Bangor acts to stop charter schools, after failed bid to start 420-student ‘Queen City Academy’

Posted June 02, 2013, at 6:58 p.m.
Last modified June 03, 2013, at 6:09 a.m.

BANGOR, Maine — Bangor city councilors will consider a citywide moratorium on charter schools, arguing that having one in the city would create unnecessary competition and put a financial strain on an already strong public school system.

The council will hold a first reading of the proposed moratorium during a special council meeting Monday night.

Earlier this year, an application to create a Queen City Academy charter school at the former site of the Bangor YMCA on Hammond Street was rejected by the Maine Charter School Commission because it didn’t adequately explain how the plan would be financed.

The application, authored by construction company owner Murat Kilic of Revere, Mass., stated that the school would have “high expectations … at the core of the education program. An extended learning program, tutoring opportunities, data-driven instructional programs, parent involvement and collaboration with the area universities and colleges will be important components of the school’s program. Moreover, [Queen City Academy] will implement a character education program, provide a career-oriented college preparation program and ensure strong student-teacher-parent alliance.”

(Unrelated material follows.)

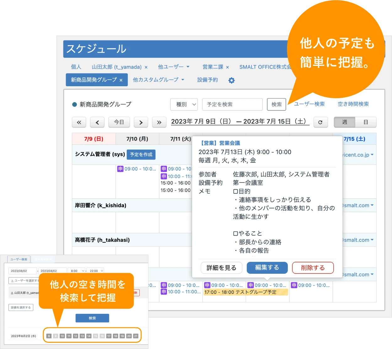 個人やグループの行動予定を管理、閲覧します。他ユーザや他グループの予定も確認できるので、日程調整が簡単です。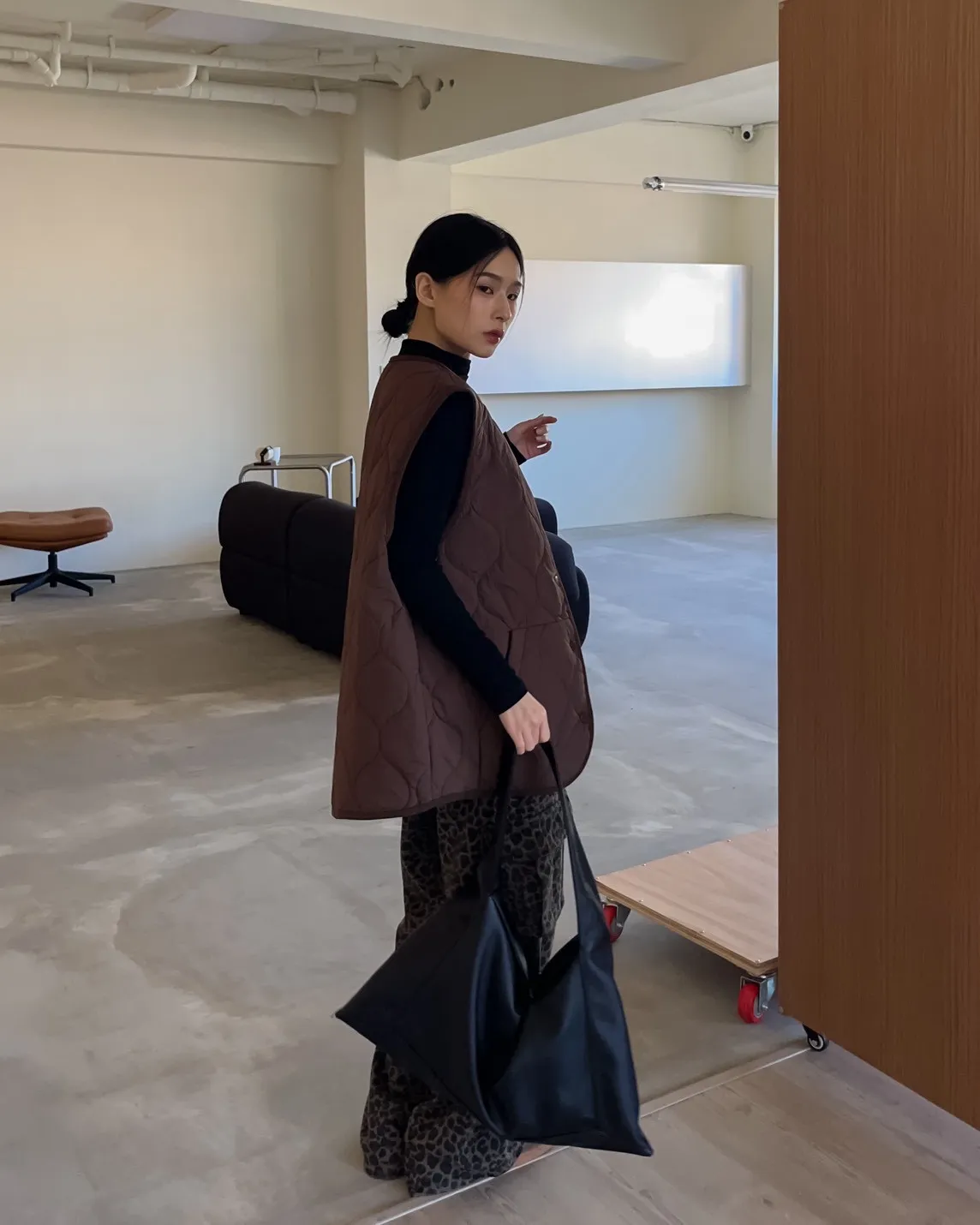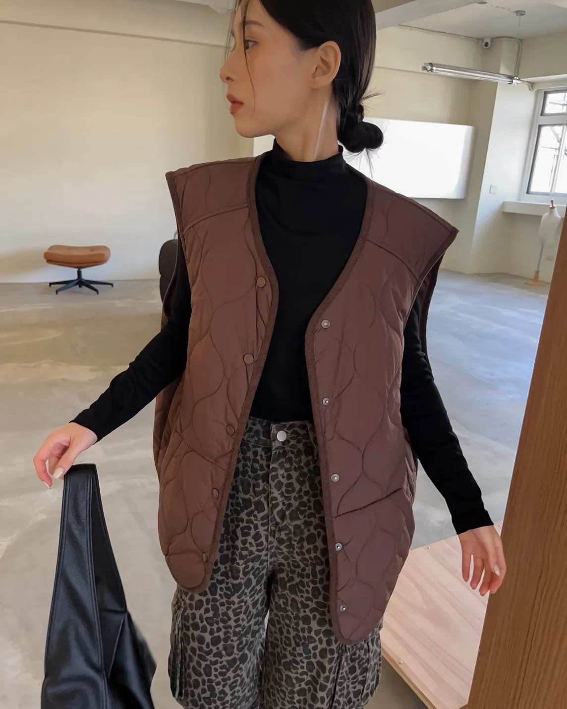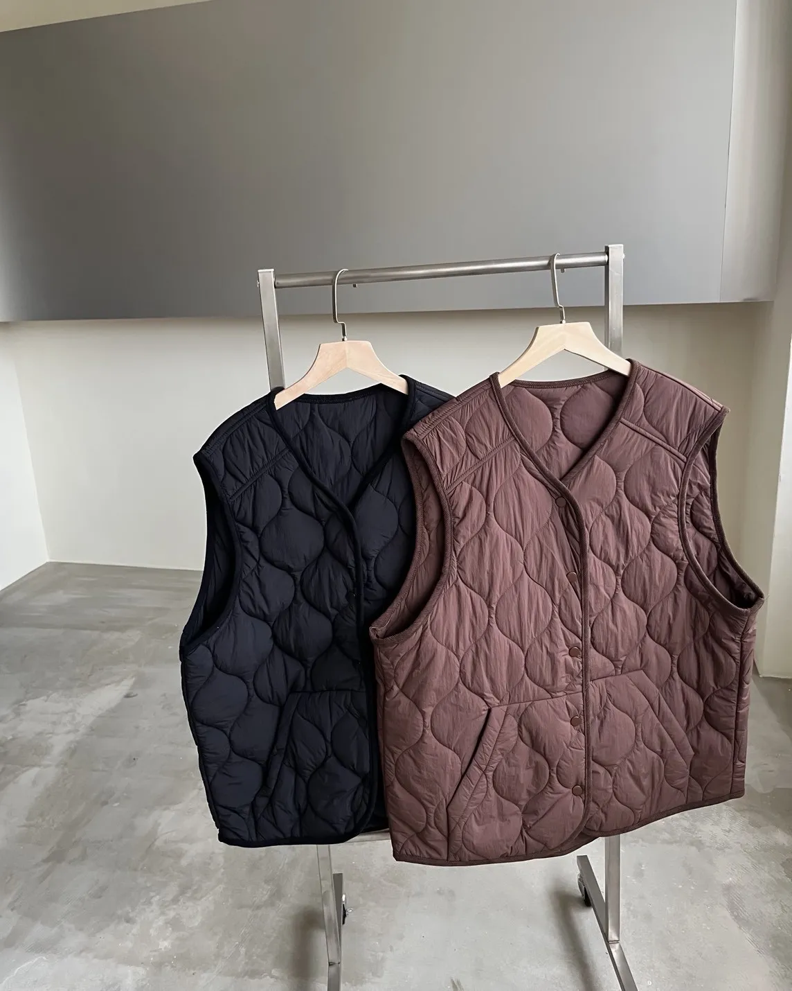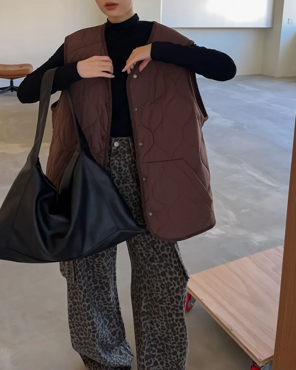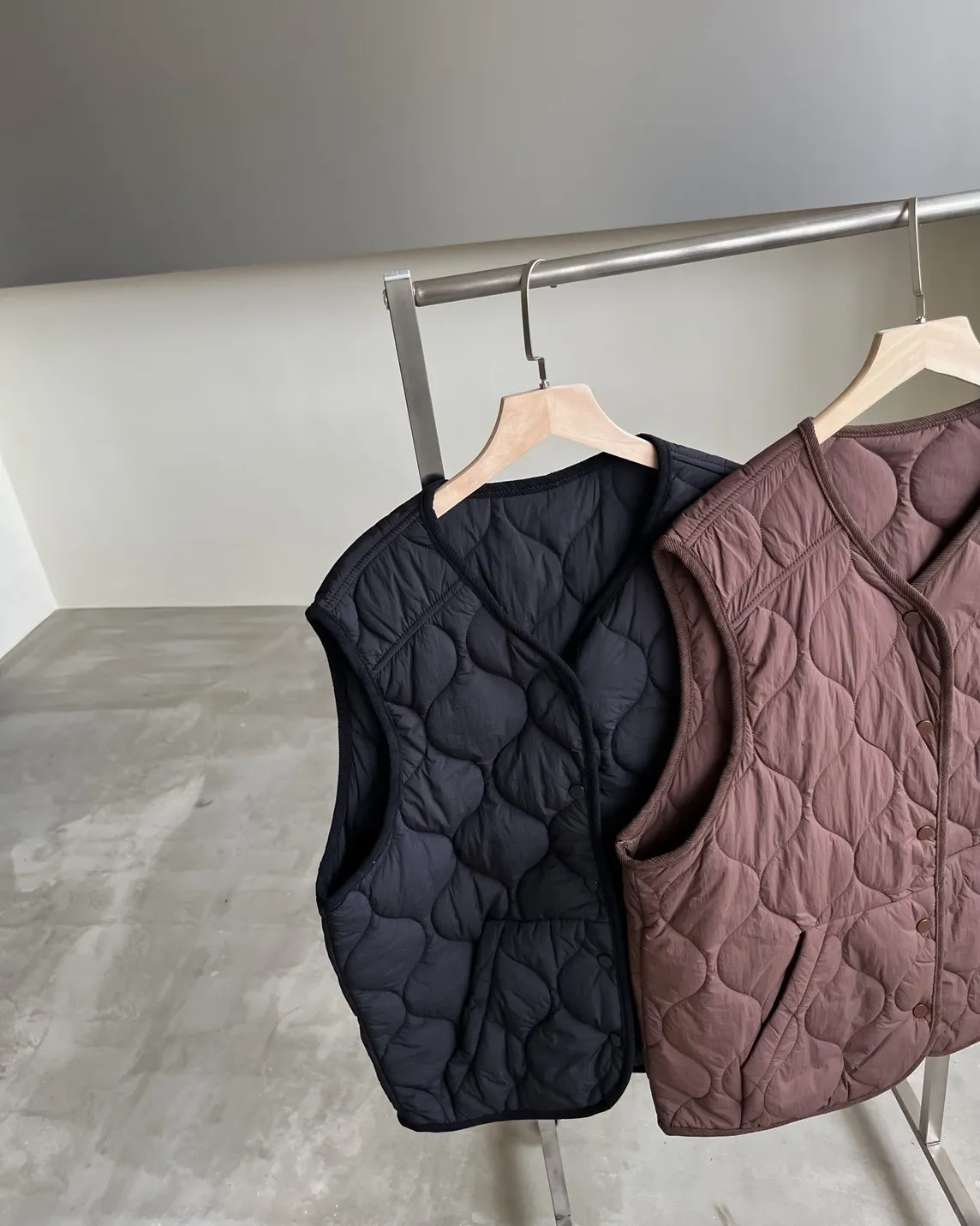 W0033日系の葫蘆紋鋪棉背心(咖啡/黑)

The school projected it would serve 420 Bangor-area students in grades 6-12.

Kilic also serves as chairman of the board of trustees of the Pioneer Charter School of Science in Everett, Mass. He told the Portland Press Herald after the denial that he likely would reapply.

Gov. Paul LePage has been a strong proponent of charter schools, arguing that their presence would prompt public schools to improve performance to attract and retain students.

The Queen City charter school application trumpeted a focus on Science, Technology, Engineering and Math, or STEM, offerings, including calculus courses. Bangor School Department Superintendent Betsy Webb said during a May Government Operations Committee meeting that she was perplexed by that claim, because Bangor’s public schools have their own STEM academy and have been offering higher-than-average calculus courses for decades, she said. Bangor schools also offer similar partnerships with higher education institutions and technical schools.

At this point, charter schools have had little effect on Bangor’s school system, but if a charter school were to set up shop in the city, it likely would pull public funds away from public schools, according to Webb.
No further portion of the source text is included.